=== Begin Enclosure ===
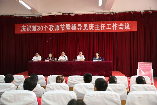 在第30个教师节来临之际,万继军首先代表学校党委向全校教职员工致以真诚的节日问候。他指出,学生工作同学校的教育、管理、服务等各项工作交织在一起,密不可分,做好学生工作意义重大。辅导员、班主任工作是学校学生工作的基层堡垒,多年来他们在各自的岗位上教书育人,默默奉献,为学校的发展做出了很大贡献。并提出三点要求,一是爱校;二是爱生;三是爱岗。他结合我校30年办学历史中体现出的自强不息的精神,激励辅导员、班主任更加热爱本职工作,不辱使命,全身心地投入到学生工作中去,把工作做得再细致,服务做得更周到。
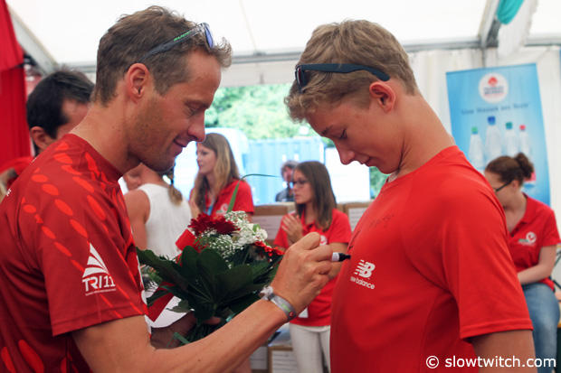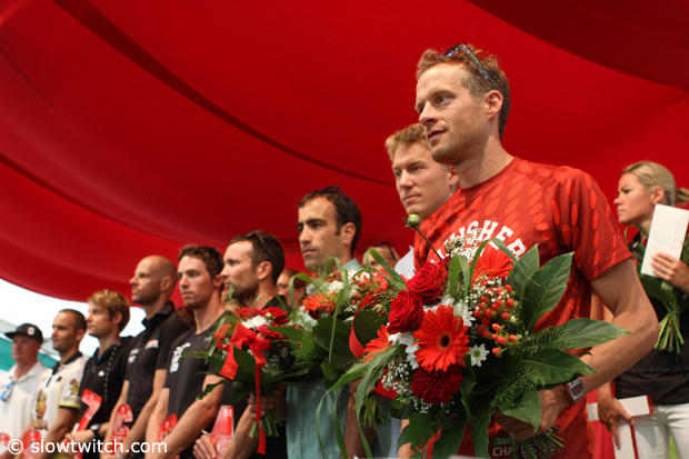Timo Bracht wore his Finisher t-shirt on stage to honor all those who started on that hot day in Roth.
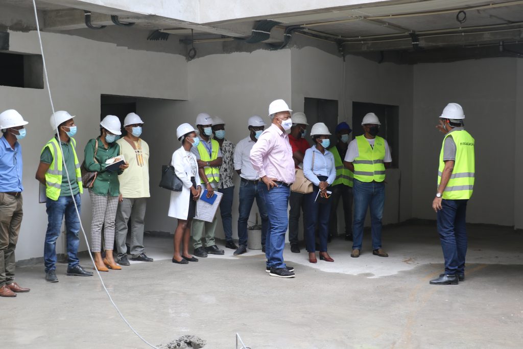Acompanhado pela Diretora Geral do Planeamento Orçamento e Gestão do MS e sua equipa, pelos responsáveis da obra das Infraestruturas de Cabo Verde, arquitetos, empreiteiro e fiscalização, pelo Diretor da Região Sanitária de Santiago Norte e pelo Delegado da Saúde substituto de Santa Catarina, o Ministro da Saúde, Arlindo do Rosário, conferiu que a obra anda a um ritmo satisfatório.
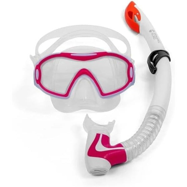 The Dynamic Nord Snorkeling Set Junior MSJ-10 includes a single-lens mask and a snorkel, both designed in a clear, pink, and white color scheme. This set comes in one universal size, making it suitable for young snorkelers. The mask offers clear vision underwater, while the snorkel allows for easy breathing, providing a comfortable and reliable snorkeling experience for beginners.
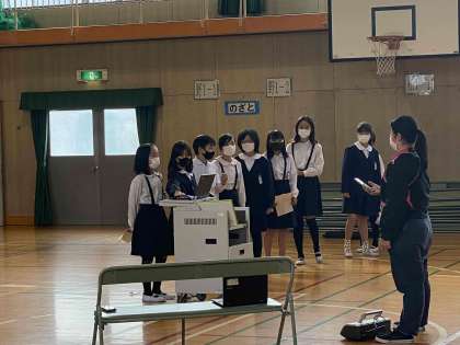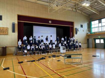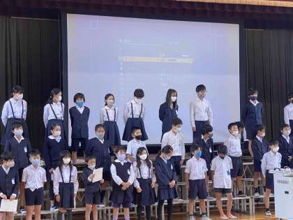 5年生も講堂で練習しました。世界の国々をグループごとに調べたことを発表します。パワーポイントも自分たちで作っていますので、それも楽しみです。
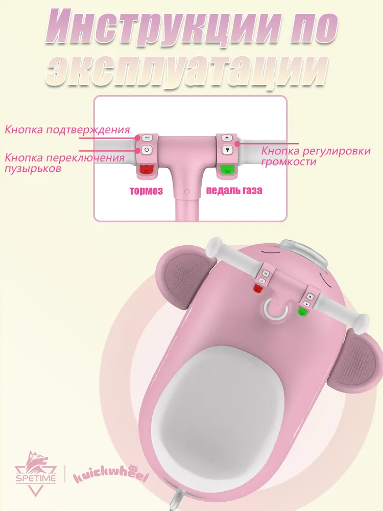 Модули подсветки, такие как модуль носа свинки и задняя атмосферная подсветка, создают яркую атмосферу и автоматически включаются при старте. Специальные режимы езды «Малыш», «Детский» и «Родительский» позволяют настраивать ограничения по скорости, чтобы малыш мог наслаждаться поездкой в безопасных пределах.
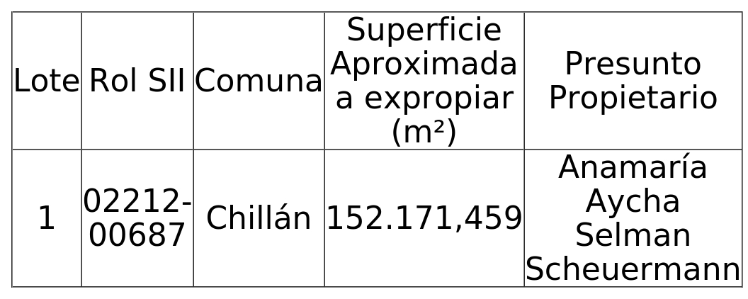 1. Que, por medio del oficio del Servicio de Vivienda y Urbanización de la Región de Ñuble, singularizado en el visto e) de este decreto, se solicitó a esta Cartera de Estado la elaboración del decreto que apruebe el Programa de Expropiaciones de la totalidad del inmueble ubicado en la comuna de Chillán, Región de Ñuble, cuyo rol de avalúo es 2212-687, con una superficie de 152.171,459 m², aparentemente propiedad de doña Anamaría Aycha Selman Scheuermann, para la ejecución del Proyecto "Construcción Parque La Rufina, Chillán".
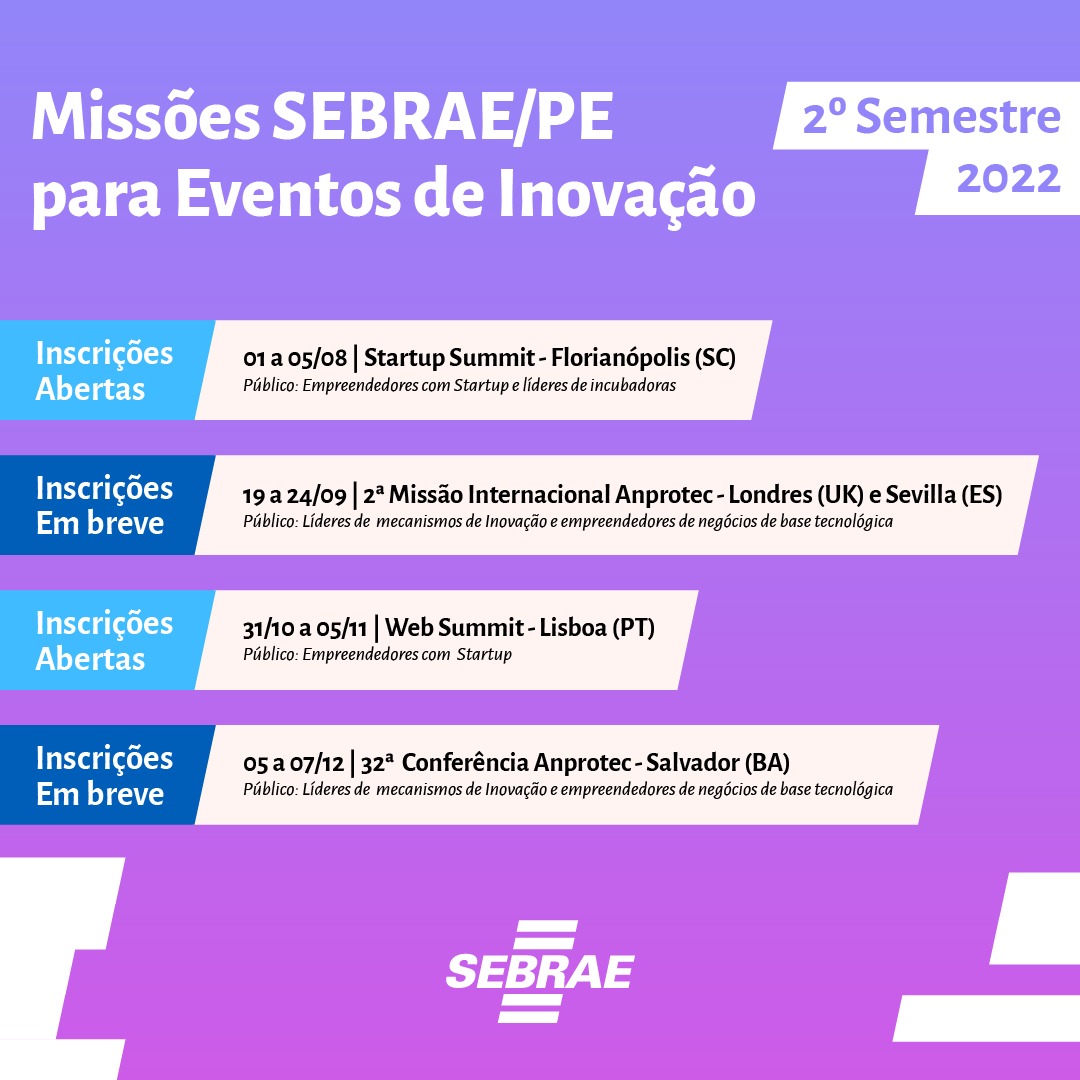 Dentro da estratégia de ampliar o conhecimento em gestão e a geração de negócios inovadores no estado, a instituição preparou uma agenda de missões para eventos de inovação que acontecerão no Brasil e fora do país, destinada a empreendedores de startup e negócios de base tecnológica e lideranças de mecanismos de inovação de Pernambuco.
=== End Enclosure ===
From the opening line of the entries above to the line that holds "Timo Bracht wore", inclusive, reproduce each line exactly and omit any picture.

 在第30个教师节来临之际,万继军首先代表学校党委向全校教职员工致以真诚的节日问候。他指出,学生工作同学校的教育、管理、服务等各项工作交织在一起,密不可分,做好学生工作意义重大。辅导员、班主任工作是学校学生工作的基层堡垒,多年来他们在各自的岗位上教书育人,默默奉献,为学校的发展做出了很大贡献。并提出三点要求,一是爱校;二是爱生;三是爱岗。他结合我校30年办学历史中体现出的自强不息的精神,激励辅导员、班主任更加热爱本职工作,不辱使命,全身心地投入到学生工作中去,把工作做得再细致,服务做得更周到。
Timo Bracht wore his Finisher t-shirt on stage to honor all those who started on that hot day in Roth.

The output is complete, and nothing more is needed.